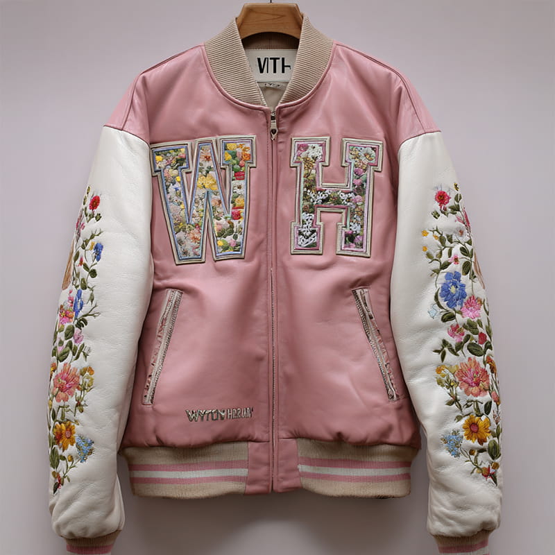This custom varsity jacket fuses romantic florals with classic streetwear, transforming a traditional bomber silhouette into a canvas of delicate craftsmanship. The soft pink body contrasts with ivory sleeves richly embroidered with blooming flowers, symbolizing vitality and elegance. On the front, varsity-style “WH” patches filled with floral motifs add a playful twist, while the back becomes a storytelling surface with layered embroidery, patchwork hearts, and handwritten-style lettering.
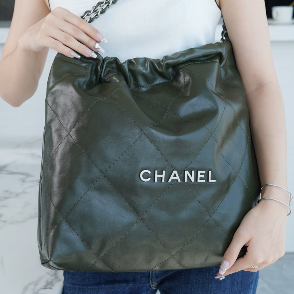 • 팬더샵 샤넬 23A 22백 올리브 그린 미디엄 은장
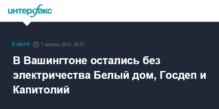 Москва. 7 апреля. INTERFAX.RU - Перебои в электроснабжении зафиксированы во вторник в зданиях Белого дома, Госдепартамента США, в Капитолии и в министерстве юстиции, сообщает американский телеканал Fox News.
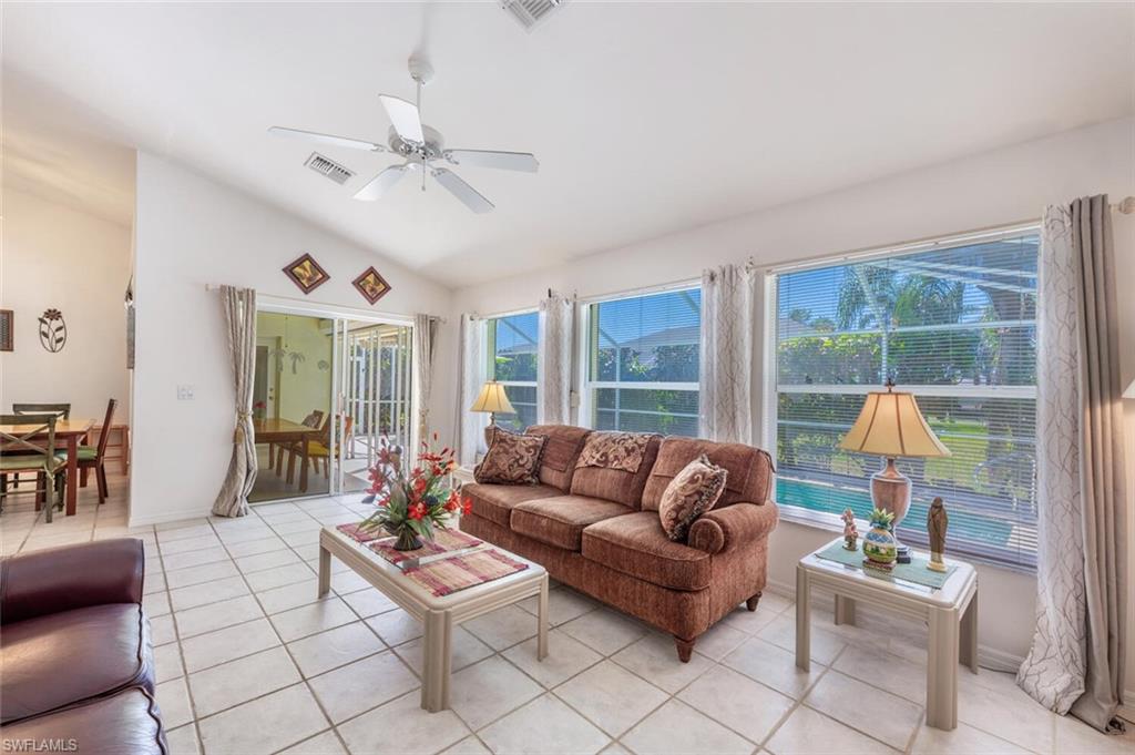 You may be surprised by the price of this 4-bedroom pool-home in Estero with all it has to offer! You'll love the ultra-private pool area surrounded by a beautifully manicured privacy hedge. The large pool deck is perfect for barbequing in the warm tropical Florida weather and has plenty of room for a 6-person patio table! Imagine sitting down with your family surrounded by lush landscaping with the coconut palms swishing in the breeze as dinner sizzles on the grill! This Chesterfiled floor plan offers 2 eating areas including a formal dining room as well as a living room plus a family room overlooking the pool! This home had impact glass doors and windows installed in 2024 and wow was that expensive! Hurricane-resistant garage door too! The kitchen offers pullouts in the lower cabinets which is so convenient! The owner has mentioned several recent updates including the attic insulation, resurfaced pool, multi-stage pool pump (2024), and pool heater (2024). A/c was done in 2018, roof in 2016. There is a lot to like here! The home is not within the flood zone and is located within a gated community! Fountain Lakes offers a free par 3 golf course, pickleball, tennis, basketball, shuffleboard, bocci court, fishing, billiards room, library, community pool, gym, walking path and robust social calendar. It is located only 2-minutes from Coconut Point Mall where you have numerous shopping and dining options.

YOUR ASSIGNMENT: Omit the pictures, then print the rest of the listing above exactly.

ANSWER FOR THE TASK:
This custom varsity jacket fuses romantic florals with classic streetwear, transforming a traditional bomber silhouette into a canvas of delicate craftsmanship. The soft pink body contrasts with ivory sleeves richly embroidered with blooming flowers, symbolizing vitality and elegance. On the front, varsity-style “WH” patches filled with floral motifs add a playful twist, while the back becomes a storytelling surface with layered embroidery, patchwork hearts, and handwritten-style lettering.
 • 팬더샵 샤넬 23A 22백 올리브 그린 미디엄 은장
 Москва. 7 апреля. INTERFAX.RU - Перебои в электроснабжении зафиксированы во вторник в зданиях Белого дома, Госдепартамента США, в Капитолии и в министерстве юстиции, сообщает американский телеканал Fox News.
 You may be surprised by the price of this 4-bedroom pool-home in Estero with all it has to offer! You'll love the ultra-private pool area surrounded by a beautifully manicured privacy hedge. The large pool deck is perfect for barbequing in the warm tropical Florida weather and has plenty of room for a 6-person patio table! Imagine sitting down with your family surrounded by lush landscaping with the coconut palms swishing in the breeze as dinner sizzles on the grill! This Chesterfiled floor plan offers 2 eating areas including a formal dining room as well as a living room plus a family room overlooking the pool! This home had impact glass doors and windows installed in 2024 and wow was that expensive! Hurricane-resistant garage door too! The kitchen offers pullouts in the lower cabinets which is so convenient! The owner has mentioned several recent updates including the attic insulation, resurfaced pool, multi-stage pool pump (2024), and pool heater (2024). A/c was done in 2018, roof in 2016. There is a lot to like here! The home is not within the flood zone and is located within a gated community! Fountain Lakes offers a free par 3 golf course, pickleball, tennis, basketball, shuffleboard, bocci court, fishing, billiards room, library, community pool, gym, walking path and robust social calendar. It is located only 2-minutes from Coconut Point Mall where you have numerous shopping and dining options.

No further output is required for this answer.